Improving Copy-on-Write performance

Picture of a squirrel.
Red squirrel (Sciurus vulgaris) searching for cached nuts.

Copy-on-Write (CoW) means that the filesystem never overwrites existing data in-place, but instead it writes new data on empty locations. Once the data is written, Btrfs updates the metadata trees to point to the newly written data. This means if there is a crash or power outage, the filesystem will remain intact and no data will remain "half-written" - the filesystem will either have all the old data or all the new data depending on when the crash occurred.

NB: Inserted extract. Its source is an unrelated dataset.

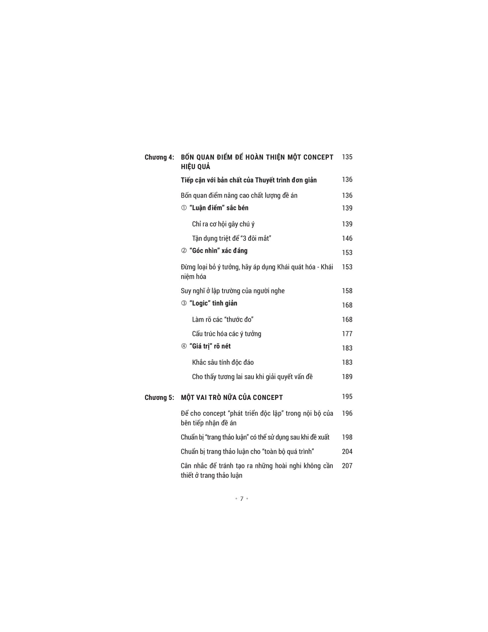 Chìa khóa cho vấn đề nằm ở việc nắm vững tư duy cũng như kỹ thuật để xây dựng ý tưởng chủ đạo, tạo ra các giá trị tiềm năng cho người nghe, đồng thời truyền tải chúng một cách ngắn gọn nhưng hiệu quả. Khi trình bày thuyết phục rành mạch, với kế hoạch rõ ràng xác đáng cùng kết quả thực tế khả thi, chắc chắn đề xuất của bạn sẽ dẽ dàng “chạm đích”. Cuốn sách với sáu chương ngắn gọn tập trung vào một kỹ thuật được gọi là «Thuyết trình đơn giản », một kỹ thuật cân bằng giữa việc tạo ra giá trị hấp dẫn và việc trình bày nó một cách rõ ràng dễ hiểu.
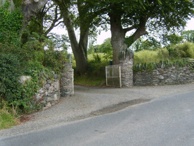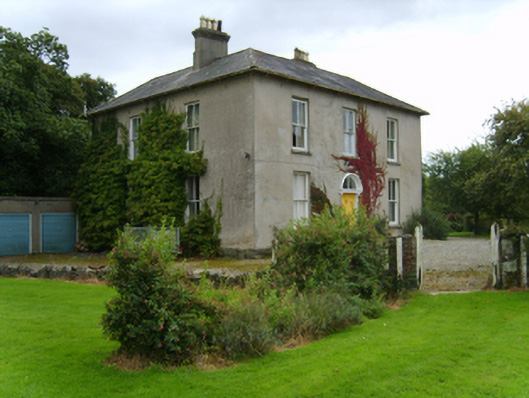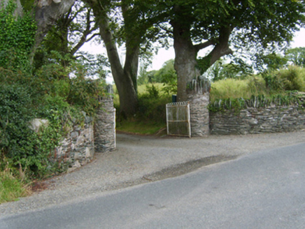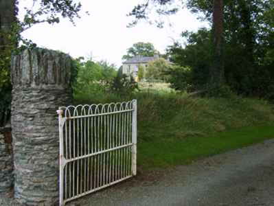 Detached three-bay two-storey farmhouse, built 1862, on a square plan with two-bay (north) or three-bay (south) two-storey side elevations; single-bay (single-bay deep) full-height central return (east). Occupied, 1901; 1911. Damaged, 1941. Sold, 1953. Hipped slate roof on an E-shaped plan with clay ridge tiles, rendered chimney stacks on rendered bases on axis with ridge having corbelled stepped capping supporting terracotta or yellow terracotta tapered pots, and cast-iron rainwater goods on slate flagged eaves retaining cast-iron downpipes. Part creeper- or ivy-covered rendered wall to front (west) elevation bellcast over coursed rubble limestone plinth; part creeper- or ivy-covered fine roughcast surface finish (remainder). Segmental-headed central door opening with cut-granite step threshold, timber doorcase with panelled pilasters supporting "Cavetto"- detailed cornice on fluted consoles, and concealed dressings with hood moulding on ogee label stops framing timber panelled double doors having overlight. Square-headed window openings with cut-granite sills, and concealed dressings framing two-over-two timber sash windows. Interior including (ground floor): central hall retaining carved timber surrounds to door openings framing timber panelled doors, and moulded plasterwork cornice to ceiling; and carved timber surrounds to door openings to remainder framing timber panelled doors with carved timber surrounds to window openings framing timber panelled shutters. Set in landscaped grounds with cylindrical piers to perimeter having soldier course capping supporting looped wrought iron double gates.

Because of the need to quickly find empty areas to write to, Btrfs keeps track on where on-disk there is free space to write new data. Btrfs solves this by creating a special cache of all the free space on the filesystem. Without this cache, the write performance would suffer greatly.

Space Cache and the Free Space Tree (space_cache=v2)

There are two versions of the Space Cache, The original v1 and then the new modern v2, which is called free space tree.

On large filesystems (many terabytes) and with certain workloads, the performance of the v1 space cache may degrade drastically. This is why the new v2 implementation was created. It uses a new B-tree called the free space tree.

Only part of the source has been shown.